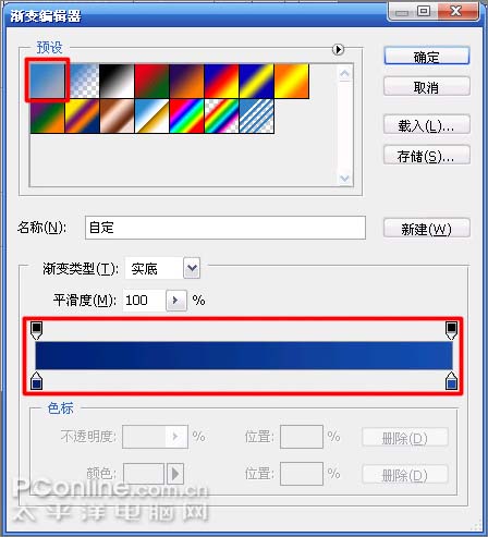 10、弹出“渐变编辑器”,选择其中的“前景色到背景色渐变”,再设置其渐变颜色,如图10所示。
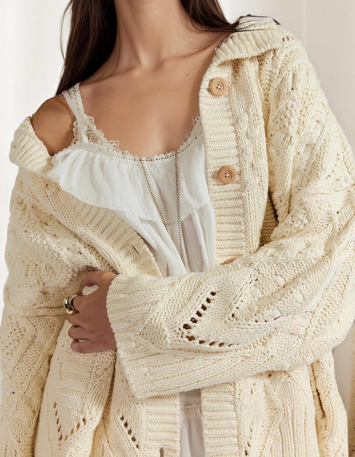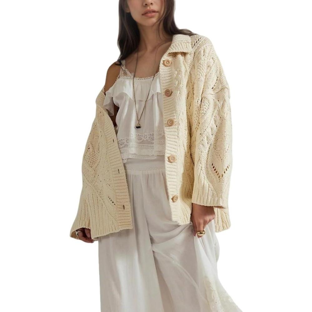 Warm Thicken Cable Basic Sweater Cardigan/ Lapel Long Sleeve Knitwear Top/ Warm Button Down Boho Sweater/ Loose Fit Slouchy Outwear Cardigan for Women
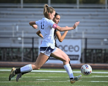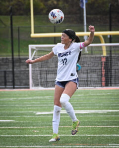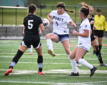 - RALPH WILSON/Sun-Gazette Correspondent Muncy’s Ella Nagel (17) connects with a header during the District 4 Class A championship game at Milton on Saturday.
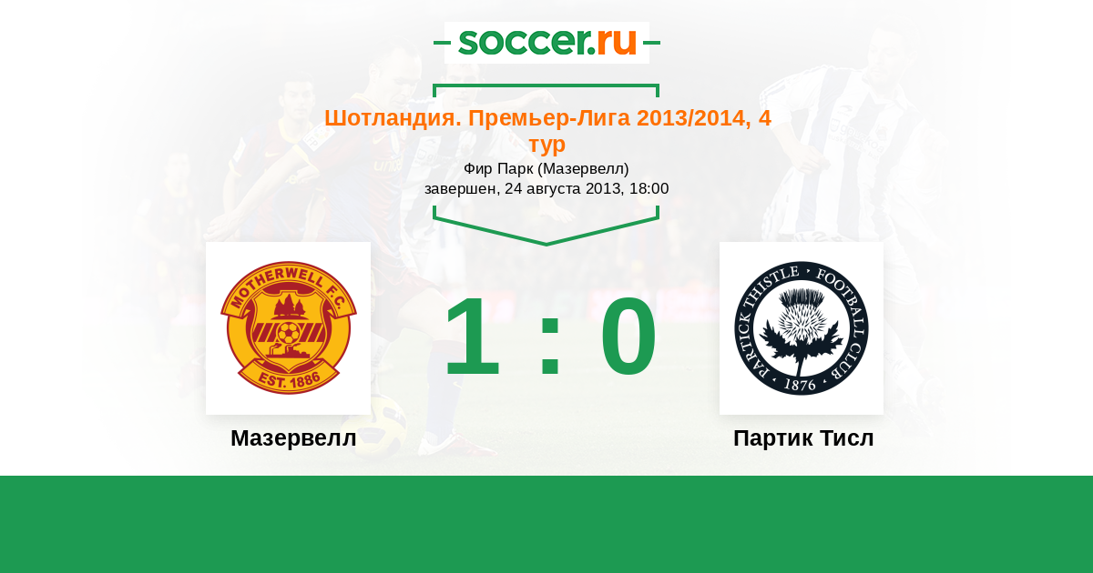 Шотландия. Премьер-Лига 04.10.2014 Партик Тисл Логотип футбольный клуб Партик Тисл (Глазго) 3:1 Логотип футбольный клуб Мазервелл Мазервелл
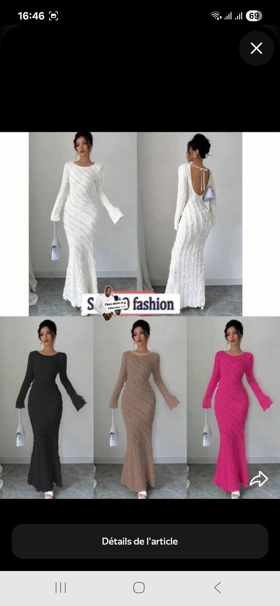 Découvrez notre robe longue élégante, parfaite pour toutes occasions spéciales. Disponible en différentes couleurs, elle offre un design raffiné avec des manches évasées et un dos ouvert audacieux. Fabriquée avec des matériaux de qualité pour un confort optimal. Idéale pour des soirées, mariages ou événements formels.
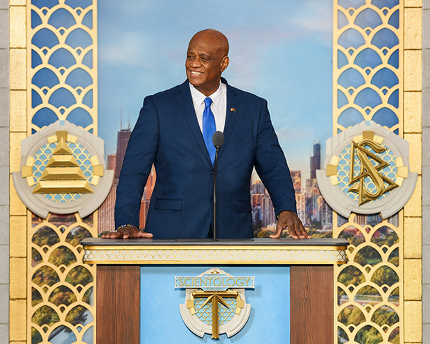 “Con esta nueva Iglesia y los programas transformadores que vais a infundir en nuestra comunidad, tenemos un plan para construir, manzana a manzana, una ciudad de la que estemos orgullosos. Y ahora se erigirá sobre los cimientos irrompibles de nuestra gente, nuestras organizaciones, y sobre centros de cambio como esta nueva Iglesia de Scientology”.
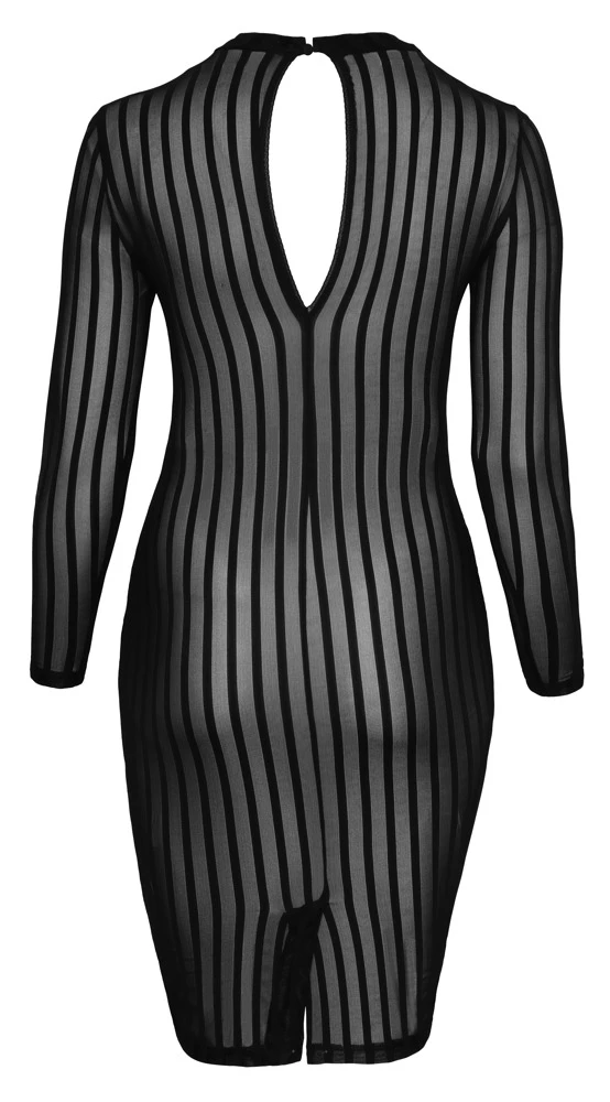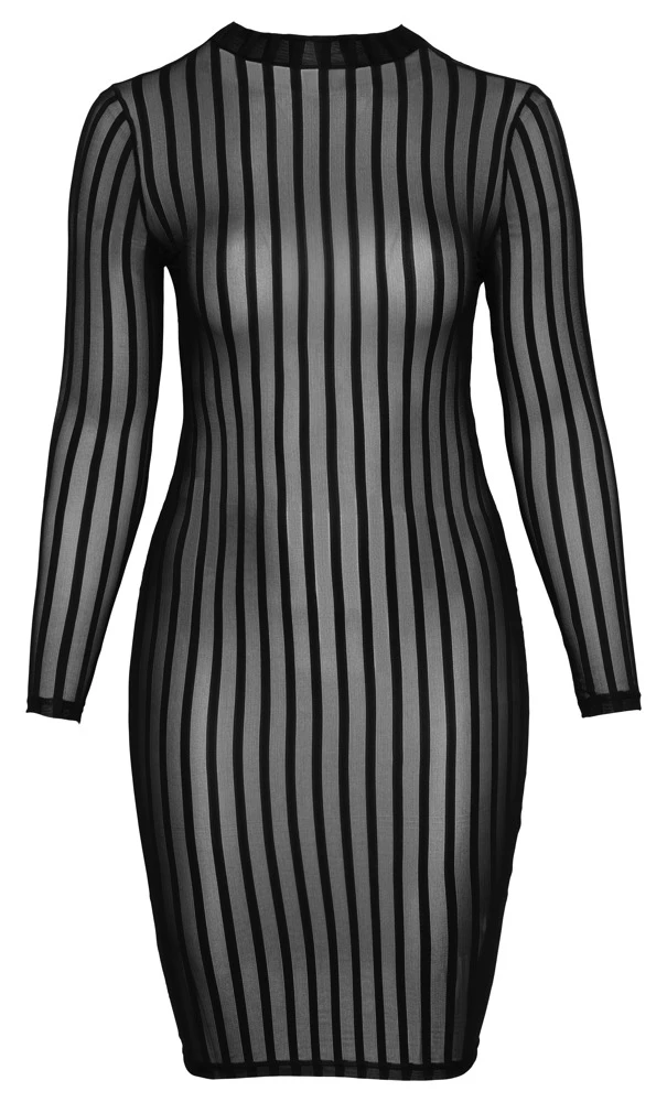 Mit diesem verführerischen Langarm-Kleid hüllst du deine atemberaubenden Kurven in feinsten Tüll mit stylischem Streifendesign. Dank des elastischen Materials und des Gehschlitzes kannst du dich unbeschwert bewegen und die zarte Transparenz auf deiner Haut rundherum genießen. Provokante Träger:innen tragen nix darunter – mit Body oder BH und Slip darunter siehst du aber auch umwerfend aus!
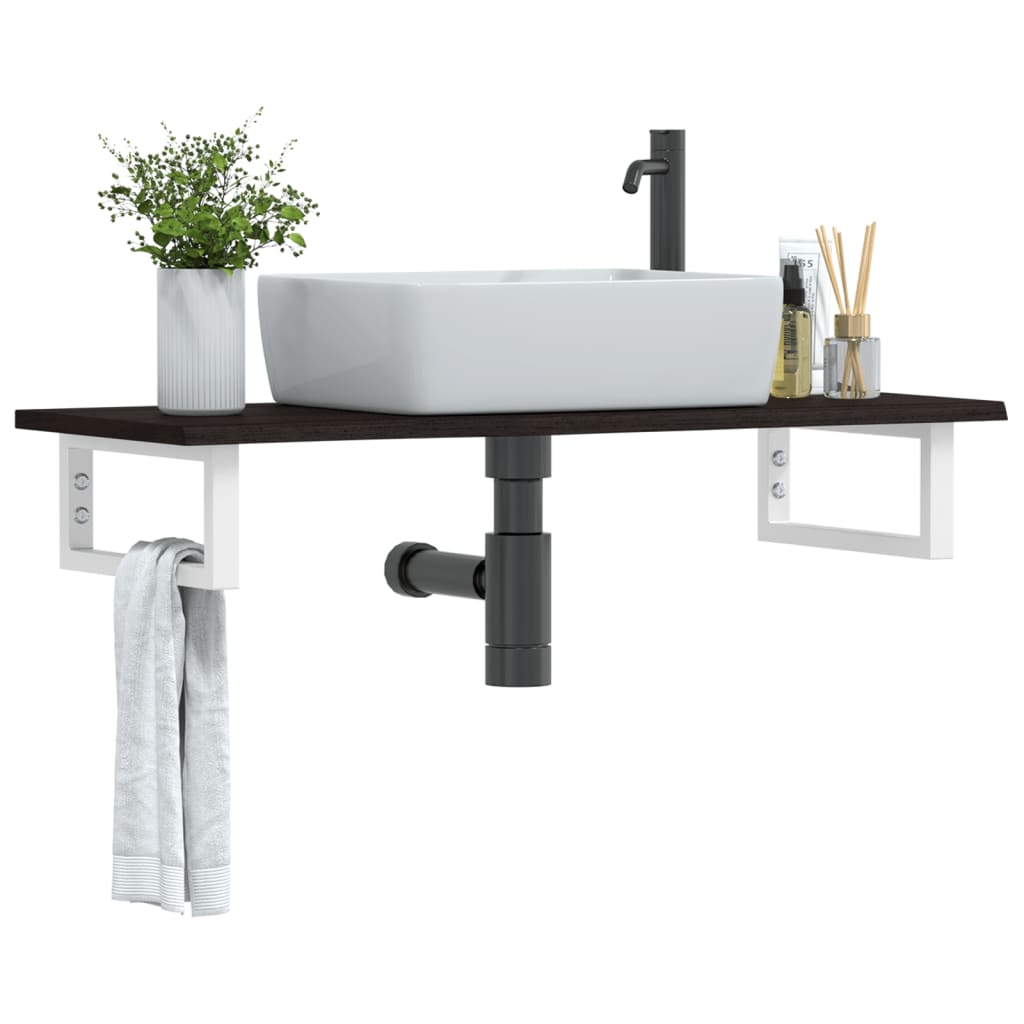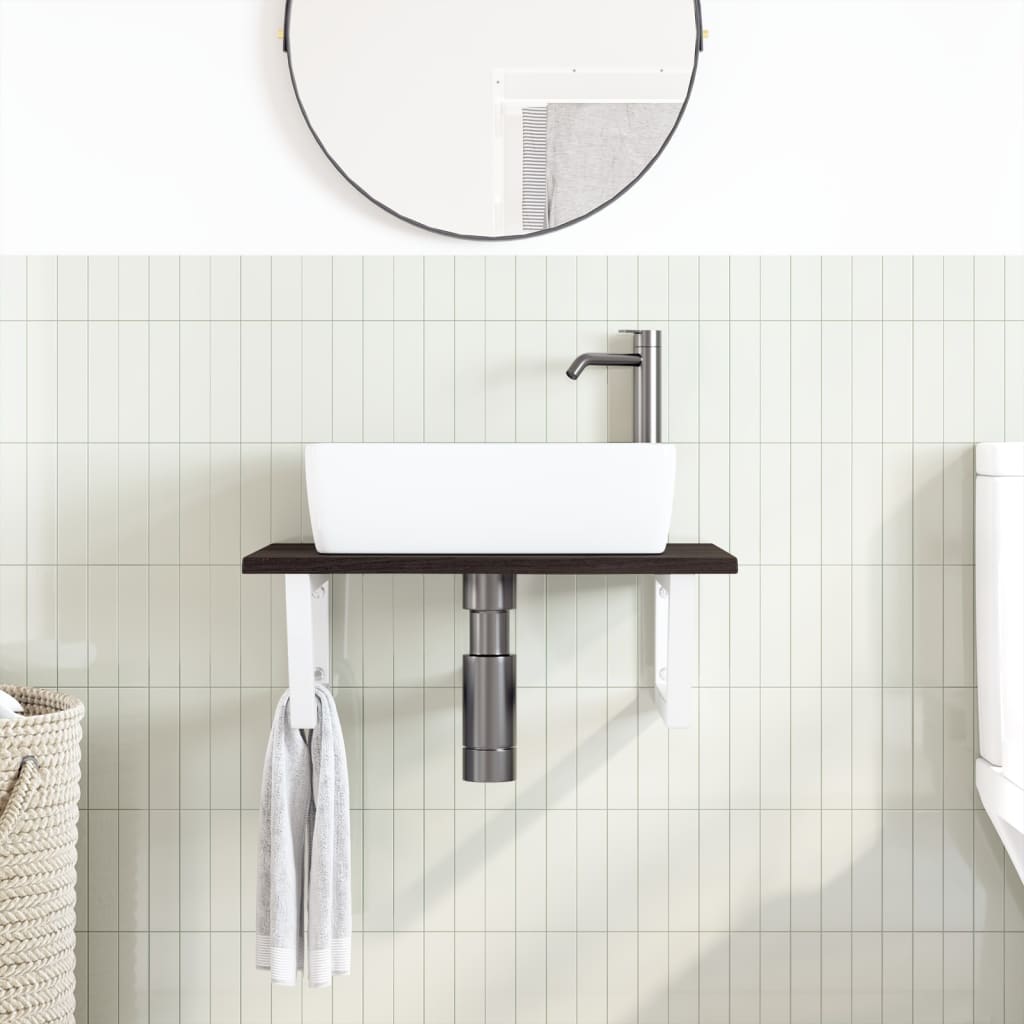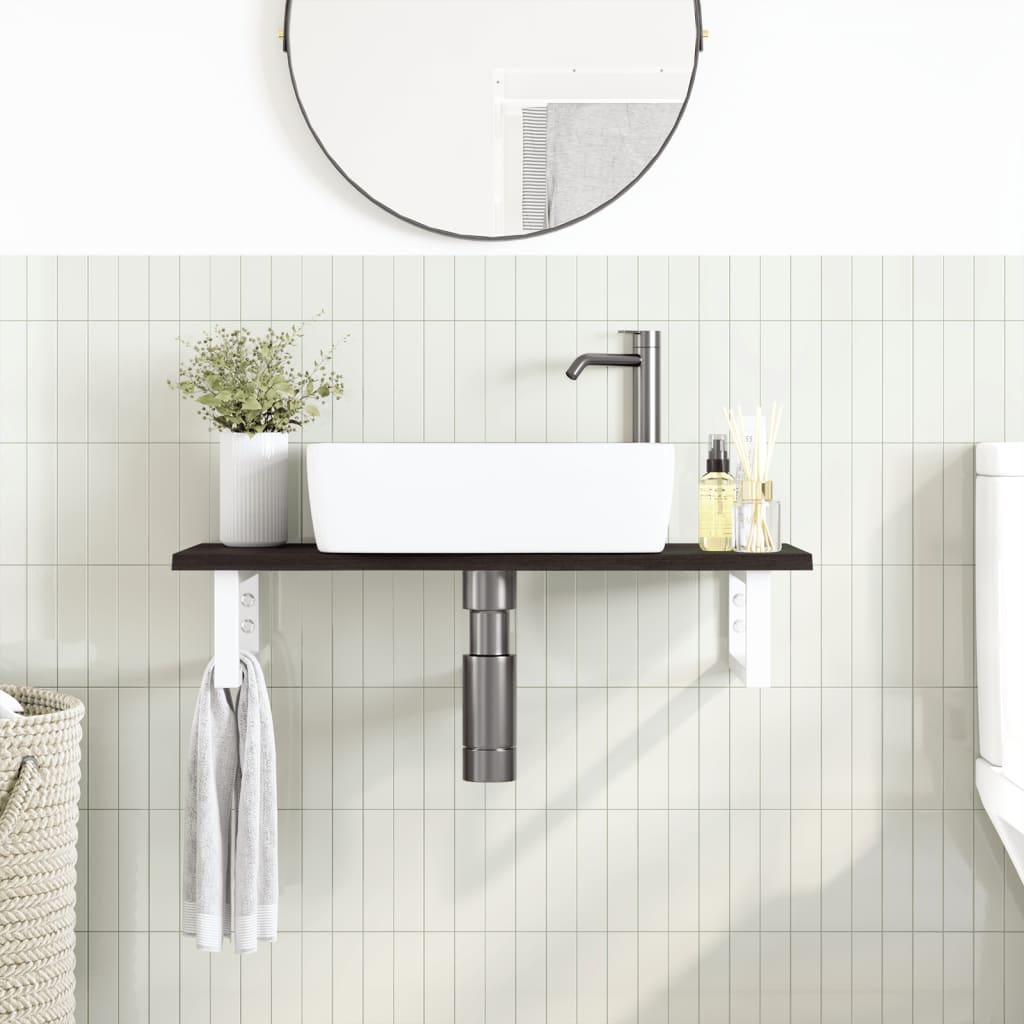 Badeværelseshylde Stål Og Massivt Egetræ Mørkebrun Og Hvid

• [ABOUT THIS TASK]:
What you output should match the records line for line, minus the pictures.

• [SOLUTION TO THIS TASK]:
 10、弹出“渐变编辑器”,选择其中的“前景色到背景色渐变”,再设置其渐变颜色,如图10所示。
 Warm Thicken Cable Basic Sweater Cardigan/ Lapel Long Sleeve Knitwear Top/ Warm Button Down Boho Sweater/ Loose Fit Slouchy Outwear Cardigan for Women
 - RALPH WILSON/Sun-Gazette Correspondent Muncy’s Ella Nagel (17) connects with a header during the District 4 Class A championship game at Milton on Saturday.
 Шотландия. Премьер-Лига 04.10.2014 Партик Тисл Логотип футбольный клуб Партик Тисл (Глазго) 3:1 Логотип футбольный клуб Мазервелл Мазервелл
 Découvrez notre robe longue élégante, parfaite pour toutes occasions spéciales. Disponible en différentes couleurs, elle offre un design raffiné avec des manches évasées et un dos ouvert audacieux. Fabriquée avec des matériaux de qualité pour un confort optimal. Idéale pour des soirées, mariages ou événements formels.
 “Con esta nueva Iglesia y los programas transformadores que vais a infundir en nuestra comunidad, tenemos un plan para construir, manzana a manzana, una ciudad de la que estemos orgullosos. Y ahora se erigirá sobre los cimientos irrompibles de nuestra gente, nuestras organizaciones, y sobre centros de cambio como esta nueva Iglesia de Scientology”.
 Mit diesem verführerischen Langarm-Kleid hüllst du deine atemberaubenden Kurven in feinsten Tüll mit stylischem Streifendesign. Dank des elastischen Materials und des Gehschlitzes kannst du dich unbeschwert bewegen und die zarte Transparenz auf deiner Haut rundherum genießen. Provokante Träger:innen tragen nix darunter – mit Body oder BH und Slip darunter siehst du aber auch umwerfend aus!
 Badeværelseshylde Stål Og Massivt Egetræ Mørkebrun Og Hvid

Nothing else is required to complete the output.